In 1960 he moved to London to work for Charles Hobson, a London advertising agency and formed Fletcher / Forbes / Gill (a forerunner of Pentagram). The trio’s Graphic design: Visual Comparisons, (1963), sold more than 100,000 copies. Gill resigned from the partnership in 1967 and resumed freelance life, which included teaching, writing children’s books and film-making.
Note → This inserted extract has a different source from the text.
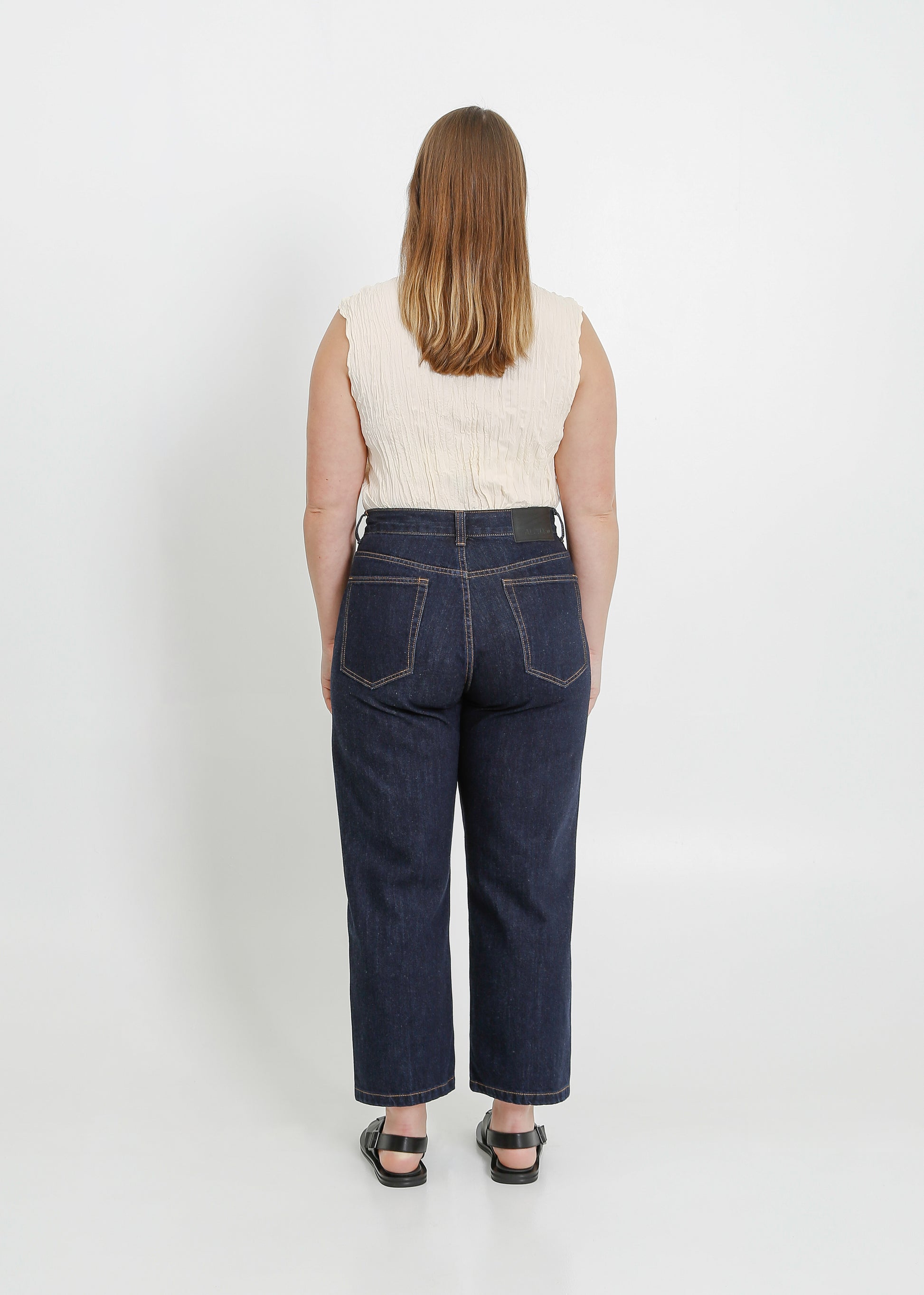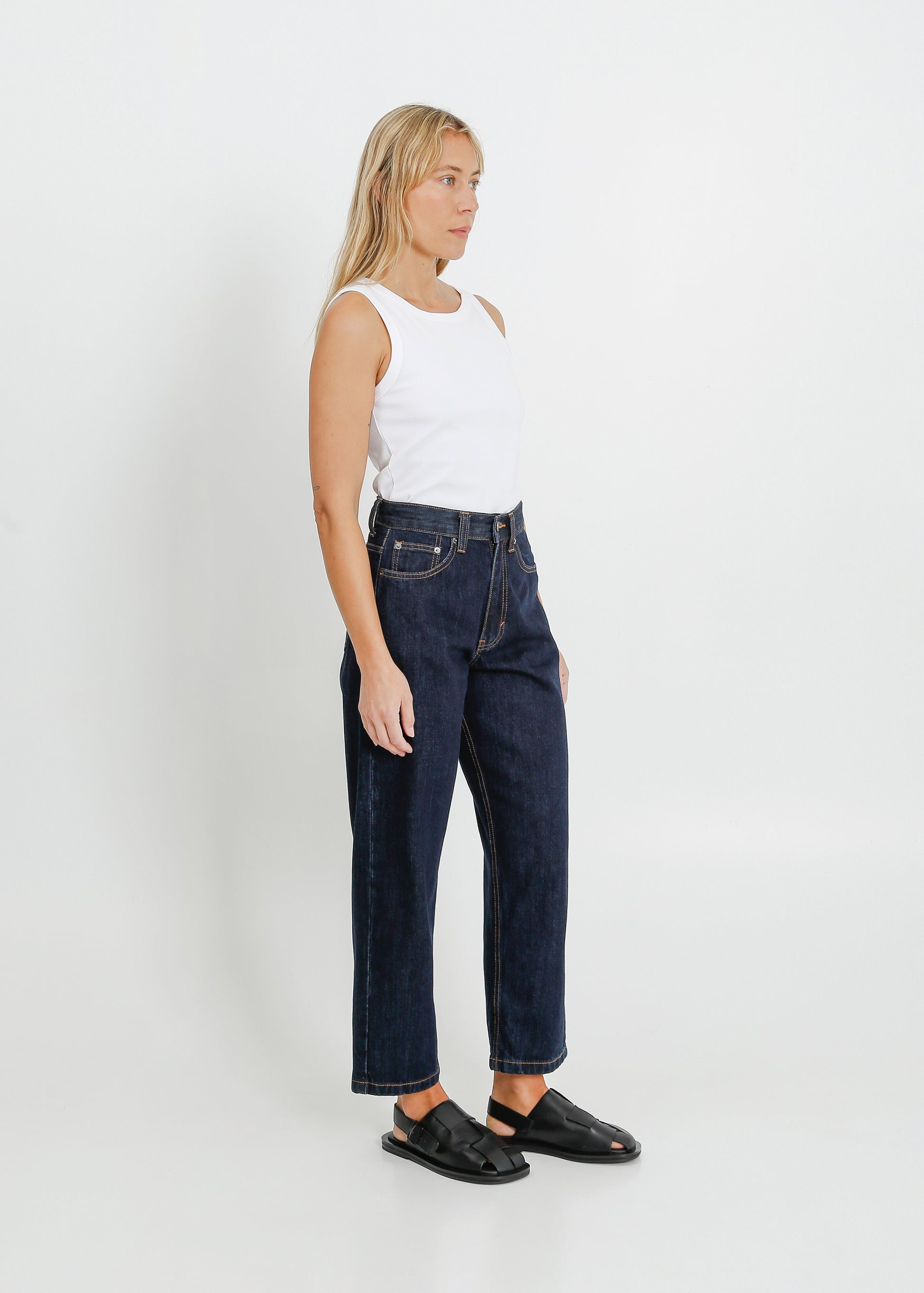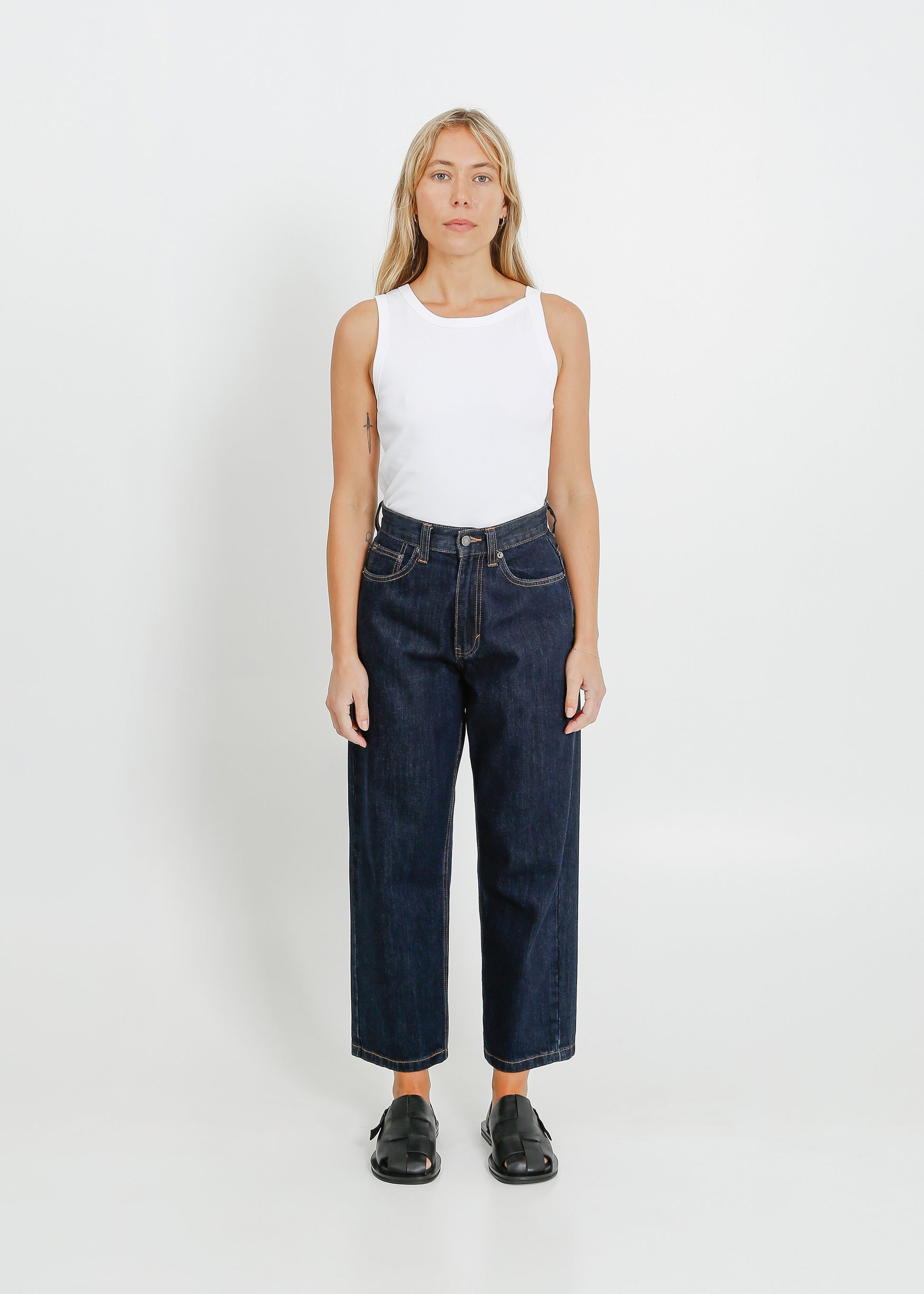 The ALPHA60 Goldie Jeans are cut from a classic washed rigid denim. The high waisted cut has a relaxed, straight leg and a cropped length. With the classic five pocket feature, they are finished with dark silver hardware.

“The 1960s were a time when there was a lot of hunger for names and so forth and so everybody seemed to get their share of publicity. You really had to hide not to become known. And of course Britain was recovering from the Festival of Britain, which was an awful period – just about the dopiest, most provincial stuff. And suddenly the 1960s hit – somewhat due to an American invasion. There was Brownjohn, and I came over and Bob Brookes, an art director who became a photographer. There were lots of American photographers – maybe half a dozen. Also because of the McCarthy era in America, a lot of film directors and producers were driven out of America following the blacklist. It was an amazing period for film. Look Back in Anger opened the 1960s – Saturday Night and Sunday Morning, The Loneliness of the Long Distance Runner – all these working-class films which were unheard of before.
“It was like shooting fish in a barrel. We had a great combination of the American interest in an idea with impeccable Swiss layout and typography. Not that I was helpless in that area or that they [Fletcher and Forbes] didn’t have great ideas, but there was no one in London who had these two strengths in combination. It was all over in about five minutes.” — Bob Gill, Eye Magazine interview by Patrick Baglee, Autumn 1999
England was ablaze with creative activity in the early Sixties. Before our very eyes and ears The Beatles were transmogrified from a funky Liverpool group into an international musical life force. The satiric revue "Beyond the Fringe" launched Jonathan Miller, Alan Bennett, Dudley Moore and Peter Cook as comics and social critics. Mary Quant was influencing the way women designed themselves. And you’d better believe that Graphic design was part of the cultural explosion, and Fletcher, Forbes and Gill were at the forefront.
In the early Sixties, Alan Fletcher and Colin Forbes formalized their working relationship with American graphic designer Bob Gill, and Fletcher/Forbes/Gill was born. They pooled their clients, rented a studio in a mews house off Baker Street and became the most fashionable designers in town -- their avant-garde fusion of type and image was unprecedented in the rather stuffy confines of British graphic design. Praised within London’s fledgling design community, Fletcher, Forbes and Gill were among the first graphic designers to make their mark outside it – notably being featured in Vogue magazine – and admiring clients clamoured for their services.
In 1965 Fletcher/Forbes/Gill became Crosby/Fletcher/Forbes, when Bob Gill left and the architect Theo Crosby arrived. The impetus for Crosby’s arrival was a design project for Shell, which Fletcher and Forbes hoped to extend from corporate identity into the structure of garage forecourt. The Shell project, as well as the 1965 Triennale in Milan led the architect and the three graphic designers to join forces. "Whoever needed a letterhead or a brochure," Forbes said, "probably had an office, shop or showroom. Whoever wanted new offices probably needed mailing pieces."
Like an ever-expanding amoeba Crosby/Fletcher/Forbes added Mervyn Kurlansky and Kenneth Grange to the masthead and eventually rechristened themselves 'Pentagram.' You might have heard of them.